IO RESMGR QUESTION - Extending IOFUNC_ATTR_T multiple times

Hi,

This is my first (useful) resource manager so please bare with me. I’m writing a resource manager for an IO card that has 8 input and 8 output channels.

I am wanting to register multiple devices so you will be able to see:
/dev/in0
/dev/in1

/dev/out0
/dev/out1

Now my problem starts with how does the resmgr_io_funcs_ functions figure out which one was opened (in0, or out3 etc). My thought was to extend the IOFUNC_ATTR_T structure to contain an “io channel id” and create an array of these structures that is initialized with a different “io channel id” value for each element. This way whenever the _io_read function runs, it will be able to look up the value of ocb->attr->io_channel_id and know exactly which device is being used.

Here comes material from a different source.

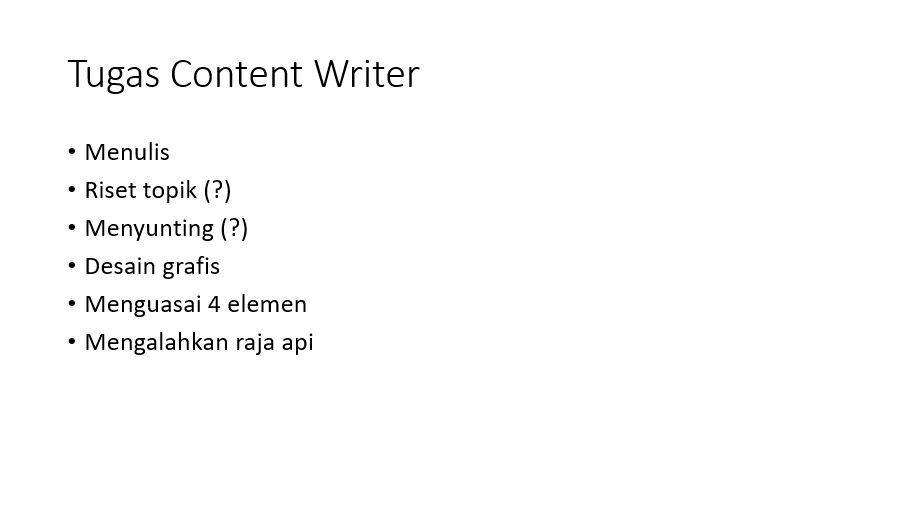 Menurut opini penulis, sebaiknya tolaklah “palu gada” jika kamu mendapatkan pekerjaan di luar tugas content writer, apalagi jika sudah jauh keluar dari job description-nya.
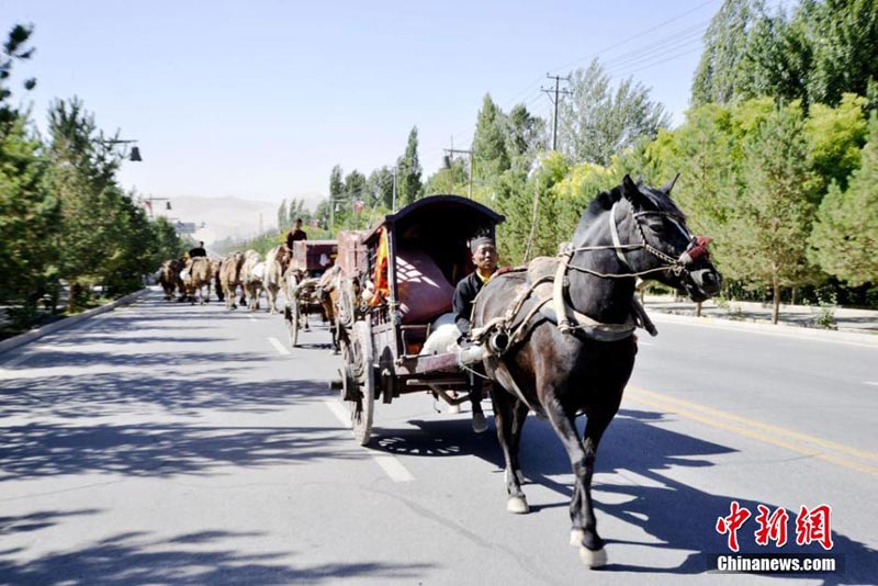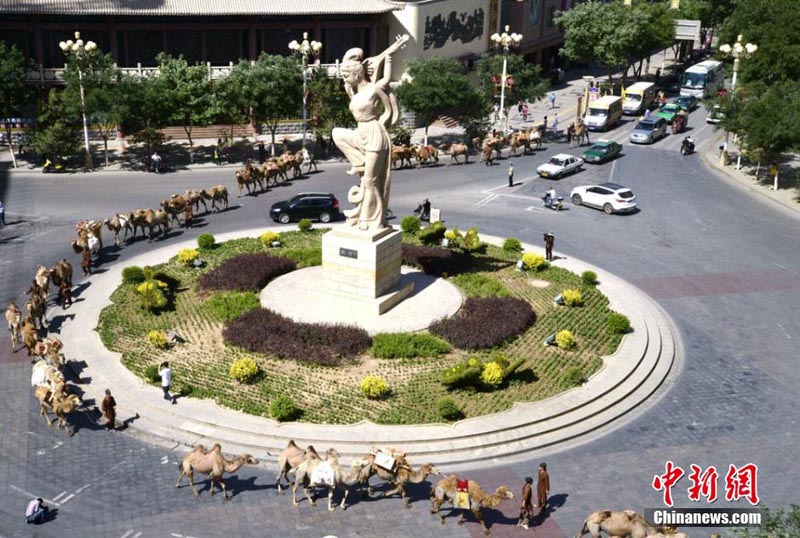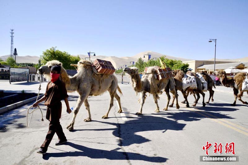 陝西省から出発した大型ラクダキャラバンが10日午前、徒歩で2千キロ近くを走破し、甘粛省河西走廊最西端の昔のシルクロードの拠點(diǎn)、敦煌に到著した。1年半かけて昔のシルクロードを踏破する予定の同キャラバンは陝西省、甘粛省、青海省、新疆維吾爾(ウイグル)自治區(qū)などを通り、最終的にはカザフスタンまで1萬5千キロ以上を旅する。ラクダキャラバンは100頭以上のラクダ、復(fù)元した昔の馬車3臺(tái)、馬3頭、支援車両4臺(tái)からなり、キャラバン全長(zhǎng)は約500メートルに達(dá)した。中國(guó)新聞網(wǎng)が伝えた。(編集YH)

First question is: Is there a more standard way of figuring out which device was sent a open/read/write/etc request for a resource manager with multiple registered devices??

The next thing I wanted to do is create two different extenstions of IOFUNC_ATTR_T (one for the input channels and one for the output channels), but by using the #define statement I don’t think theres another way. I guess I could add a in/out flag to the extended attribute structure, but this seems messy.

Second question: Is there a way of overriding the IOFUNC_ATTR_T with multiple functions?

I hope this made sense.

Matter of preferences, but it would map

/dev/in/all
/dev/in/0
/dev/in/1
/dev/in/2

/dev/in all is desirable because you may want to read more then one input atomicaly.

/dset/out/all
/dset/out/setall
/dev/out/resetall
/dev/out/0
/dev/out/1
/dev/out/2

Again all/setall/resetall can be desirable for atomic operation. Also the setall and resetall can be masks based. You set to 1 the io bits you’d want to alter.

I find having each io’s inside subdirectory a nice precaution in case your system grow to 128 IO’s; ls /dev/ would become rather crowded :wink:

That’s how I would do it.

Not that I’m aware of. The attribute as a path avaible I beleive you could use that to parse it and extract the “channel id” but extending the attribute is the clean way to do this.

If you split the in and out in two distinct C files and each having their own read, write attribute you could use #define.

That being said you have the other alternative of implementing the paths as I suggested above and have only two mount point (hence attribute). One for /dev/in and one of /dev/out, the two entires would be mounted as directory and your resource manager would be responsible for handling directory and path name within the directory. I prefer to do that because make me feel empowered :wink: This is well described in Robert’s Cook Book.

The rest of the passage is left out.